In the following, a descriptive example is presented:

downsampling:   # OPTIONAL
  # target coverage
  reads: [1000, ]
  # seeds for read sampling with samtools
  # the number of seeds corresponds to the number of repetitions
  seed: ["CfdCY", "gJm9e", "CZ8X7", "1Cdq4", "6pod1", "RtDnQ", "AdOWe", ]
jacusa2:
  features: ["M", "MDI"]    # Features to use for the LOF analysis
# LOF specific parameters
lof:
  - neighbors: 20
    contamination: 0.001
  - neighbors: 20
    contamination: 0.002

Modification file format

A tab-delimeted file with three columns: seq_id, pos(0-indexed), and mod.

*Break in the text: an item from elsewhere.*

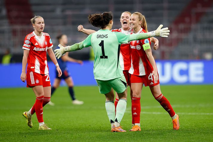 Um tímamótaleik er að ræða því kvennalið United hefur ekki áður komist svona langt í keppninni, og þá dugar ekkert minna en „Leikhús draumanna“ sem vettvangur. Liðin mætast svo aftur á Allianz Arena 1. apríl. „Þetta verður mjög sérstakt kvöld. Þetta er einstakur leikvangur með ríka sögu,“ sagði Glódís Perla fyrir leikinn í kvöld, samkvæmt Sport 1 í Þýskalandi. „Við elskum allar að spila svona stórleiki á stóru leikvöngunum, í einstöku andrúmslofti,“ bætti Glódís við. Þekkja vel framherja United Á meðal leikmanna í United-liðinu sem Glódís þarf að glíma við er þýska landsliðskonan Lea Schüller sem skipti frá Bayern til United í vetur. „Við erum allar svo glaðar að sjá hana. Hún var svo mikilvægur hluti af liðinu í langan tíma,“ sagði Glódís. Glódís Perla var hetjan þegar Bayern vann Arsenal í vetur. Nú bíður annar enskur andstæðingur.Getty/Mark Wieland Dreymir um að ná þrennunni Bayern er með ellefu stiga forskot á toppi þýsku deildarinnar, komið í undanúrslit þýska bikarsins, vann tvöfalt í Þýskalandi í fyrra og hefur orðið Þýskalandsmeistari síðustu þrjú ár í röð. Núna vill liðið hins vegar ná lengra í Meistaradeild Evrópu en fimm ár eru síðan það komst síðast í undanúrslit. „Við höfum verið alveg skýrar með það í vetur að við viljum komast lengra en síðustu ár. Næsta stóra markmið er að komast í undanúrslitin,“ sagði Glódís. Möguleikinn á að vinna stóru þrennuna, í fyrsta sinn, er til staðar: „Við eigum okkur allar þann draum að ná því en við tölum ekki mikið um það og setjum enga aukapressu á okkur, því við vitum að þessi draumur gæti orðið að veruleika ef við leggjum á okkur þá vinnu sem þarf á hverjum degi,“ sagði Glódís. Leikurinn hefst klukkan 20 í kvöld og er sýndur á Disney+.

In the following a section from examples/data/human_rrna.tsv:

seq_id pos mod
NR_003286_RNA18SN5 26 Am
NR_003286_RNA18SN5 33 psU
NR_003286_RNA18SN5 35 psU
NR_003286_RNA18SN5 92 psU
... ... ...

Report

The report is organised in to 4 sections:

  • Results
  • Read
  • Modifications and
  • Session.

Results

The results section contains the putative RNA modifications as outliers stratified by region and utilized feature. Additionaly, known modifications, optional downsampling info and LOF parameters are presented.

Reads

This section is mainly based on samtools stats|coverage. Properties of reads and summary statistics are presented:

  • total reads,
  • mapped reads,
  • read length,
  • mapping quaylity,
  • ...

Modifications

Summary of provided RNA modification file.

Session

Paths to config files and installed software can be checked in this section.

Example

In the following, a chain of commands to run a toy example:

  1. Clone repository: git clone https://github.com/dieterich-lab/prRONTo
  2. cd prRONTo
  3. Install conda env.: conda env create -n pronto -f conda-lock.yaml
  4. Activate conda env.: conda activate pronto
  5. Run prRONTo: `cd example/human ; run_exampe.sh``
  6. Open output/report/report.htmlwith your favorite browser and check the results.